Pourtant, il reste un domaine dans lequel le pavillon luxembourgeois a su briller un peu plus que ses voisins : l’animation culturelle. « Bon, les échanges artistiques n’ont pas fonctionné comme on voulait, mais c’était surtout pour des raisons d’organisation. Les partenaires chinois étaient tellement saturés que leurs programmes ne permettaient pas vraiment à nos artistes de sortir hors du contexte du pavillon », explique Christian Mosar, le curateur du pavillon. Mais le Luxembourg a su marquer une grande différence en misant essentiellement sur l’art contemporain et les performances modernes. « Presque tous les autres pavillons ont fait dans le folklore », poursuit-il, « Alors que nous avons fait le pari de montrer ce qui se faisait actuellement au grand-duché ». Pari gagné si on considère les réactions du public, qui selon Mosar allaient de frayeur – apparemment le public avait peur de la performance ReMEMBRANEce de Yuko Kominami, Catherine Richard et Emre Sevindik – à la fascination pure et simple. En tout, le curateur est plutôt satisfait, car faire passer son programme n’était pas une chose facile : « Le fait de miser sur le contemporain avant tout a été perçu par beaucoup comme problématique ». Et puis, quelques échanges se sont tout de même constitués. Ainsi, la danseuse Ling Xi Li qui a collaboré avec le violoncelliste André Mergenthaler pourrait venir au Luxembourg. Aussi, un projet d’échanges photographiques « Picture Your Family » insinué par Joseph Tomassini qui impliquait des étudiants shanghaïens va venir au Luxembourg. En marge du programme officiel s’est constitué une autre collaboration, pas prévue celle-là. Le photographe Bruno Baltzer, qui était venu à Shanghai pour mettre en images le projet du Casino Forum d’art contemporain au DDM Wharehouse, est tombé amoureux de la ville et s’est vu offrir une résidence d’artiste chez l’écrivaine star de Shanghai Mian Mian, connue pour son livre « Les bonbons chinois ». Son travail sur la ville peut être visité sur son blog (http://admin.flash007.lu/users/328-bruno-china-blog).

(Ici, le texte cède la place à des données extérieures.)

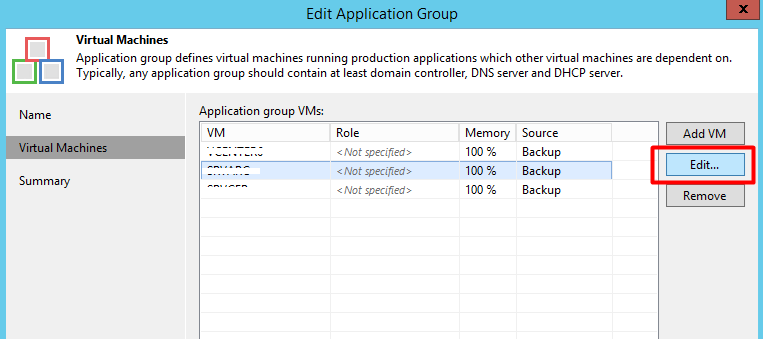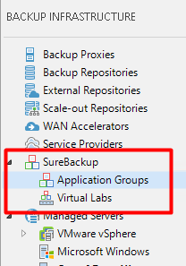 Backup Infrastructure menüsü altında SureBackup başlığını bulun. Application Groups‘ta söz konusu sanal sunucunun yer aldığı Application Group’a çift tıklayın.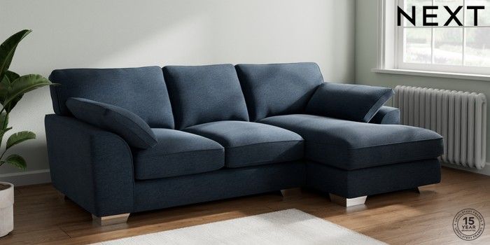 7.3.1 Buy Stamford Grand Relaxed Sit Medium Sofa Chaise - Right Hand Ripple Chenille Dark Blue Large Square Angle - Chrome Metal from the Seasons online shop Click here to use our website with more accessibility support, for example screen readers

Ne reste finalement que la question de l’avenir du pavillon. Le contrat signé entre le commissaire Robert Goebbels et les responsables de l’Expo mondiale établit que de toute façon il devra avoir disparu en mai 2011 au plus tard. Mais pour aller où ? Les quelques mégalomanies de responsables communaux luxembourgeois écartées, il semble bien qu’il restera en Chine. Pourtant, le plan initial de le donner à une région chinoise ne semble plus d’actualité. Comme l’a expliqué le commissaire, le comité central ne souhaite pas que les régions s’endettent encore davantage alors qu’un démontage en vue d’une reconstruction – et encore faudrait-il le réparer, car d’après une source souhaitant rester anonyme, le pavillon luxembourgeois serait tout sauf étanche – coûterait beaucoup plus cher que s’il était tout simplement détruit. Reste encore la possibilité de le donner à une entreprise : « Mais c’est risqué », confirme Goebbels, « Car il faut éviter qu’on en fasse n’importe quoi ». Gageons qu’on trouvera aussi une fin harmonieuse à cette question brûlante.